◆ Recorded data
..............................

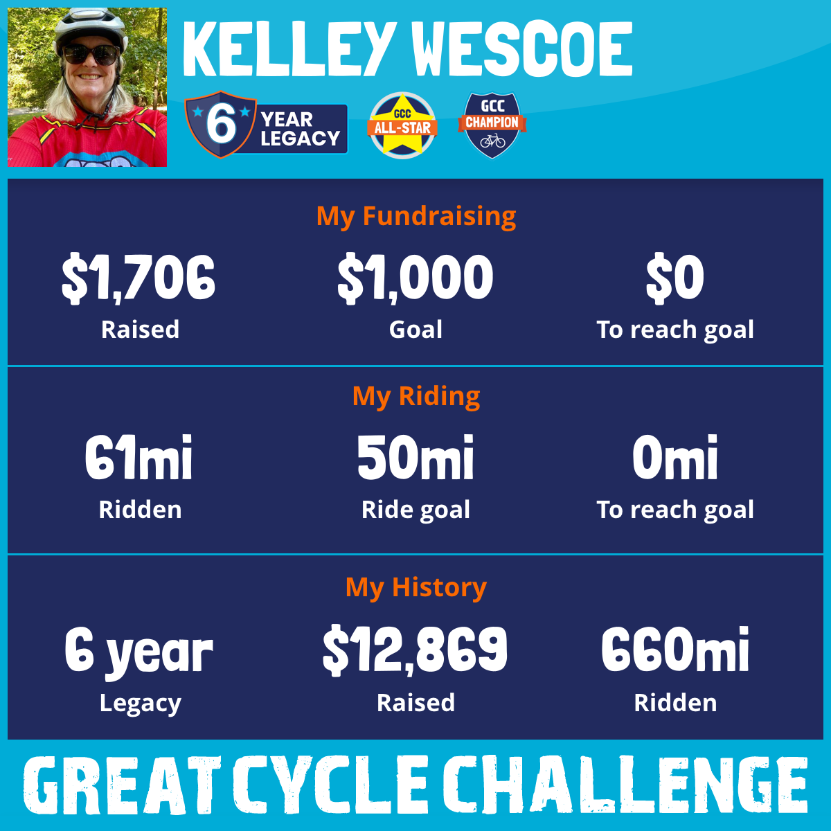 For the sixth year in a row, I am taking part in the Great Cycle Challenge to fight kids' cancer! The past five years I have ridden 599 miles. And along with my sponsors, I have raised $11,163 for the Children's Cancer Research Fund. I can't do this without YOU!
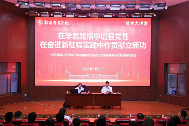 讀書(shū)班還邀請(qǐng)鄭州大學(xué)馬克思主義學(xué)院博士生導(dǎo)師于向東教授作專題輔導(dǎo)報(bào)告,融會(huì)貫通地講解習(xí)近平總書(shū)記關(guān)于主題教育的重要講話精神和毛澤東、鄧小平等歷代領(lǐng)導(dǎo)人關(guān)于增強(qiáng)黨性的論述,從如何理解黨性的概念內(nèi)涵、不斷增強(qiáng)黨性我們黨從弱到強(qiáng)走向勝利輝煌、新時(shí)代習(xí)近平總書(shū)記對(duì)增強(qiáng)黨性提出新要求、奮進(jìn)新征程建功新時(shí)代必須增強(qiáng)黨性等四個(gè)方面進(jìn)行系統(tǒng)的宣講和深入的闡釋。
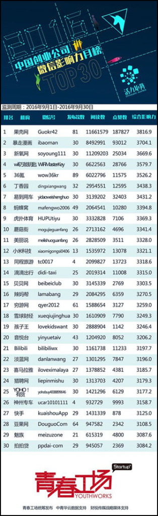 据该榜单发布方青春工场咨询机构介绍,该榜以第三方机构艾瑞咨询发布的2016年中国独角兽企业估值排行榜中的前300家创业公司为样本,对其微信、微博、官网三个数据指标进行了监测,并通过大数据分析,总结传播规律,排出了创业公司新媒体影响力9月数据榜单。据发布方介绍,该榜单的发布意义是期望能对广大创业公司自媒体运营起到大数据分析、支持与参考的作用。

..............................

◆ Problem statement
Drop the pictures and copy the data exactly.

◆ Result of the task
 For the sixth year in a row, I am taking part in the Great Cycle Challenge to fight kids' cancer! The past five years I have ridden 599 miles. And along with my sponsors, I have raised $11,163 for the Children's Cancer Research Fund. I can't do this without YOU!
 讀書(shū)班還邀請(qǐng)鄭州大學(xué)馬克思主義學(xué)院博士生導(dǎo)師于向東教授作專題輔導(dǎo)報(bào)告,融會(huì)貫通地講解習(xí)近平總書(shū)記關(guān)于主題教育的重要講話精神和毛澤東、鄧小平等歷代領(lǐng)導(dǎo)人關(guān)于增強(qiáng)黨性的論述,從如何理解黨性的概念內(nèi)涵、不斷增強(qiáng)黨性我們黨從弱到強(qiáng)走向勝利輝煌、新時(shí)代習(xí)近平總書(shū)記對(duì)增強(qiáng)黨性提出新要求、奮進(jìn)新征程建功新時(shí)代必須增強(qiáng)黨性等四個(gè)方面進(jìn)行系統(tǒng)的宣講和深入的闡釋。
 据该榜单发布方青春工场咨询机构介绍,该榜以第三方机构艾瑞咨询发布的2016年中国独角兽企业估值排行榜中的前300家创业公司为样本,对其微信、微博、官网三个数据指标进行了监测,并通过大数据分析,总结传播规律,排出了创业公司新媒体影响力9月数据榜单。据发布方介绍,该榜单的发布意义是期望能对广大创业公司自媒体运营起到大数据分析、支持与参考的作用。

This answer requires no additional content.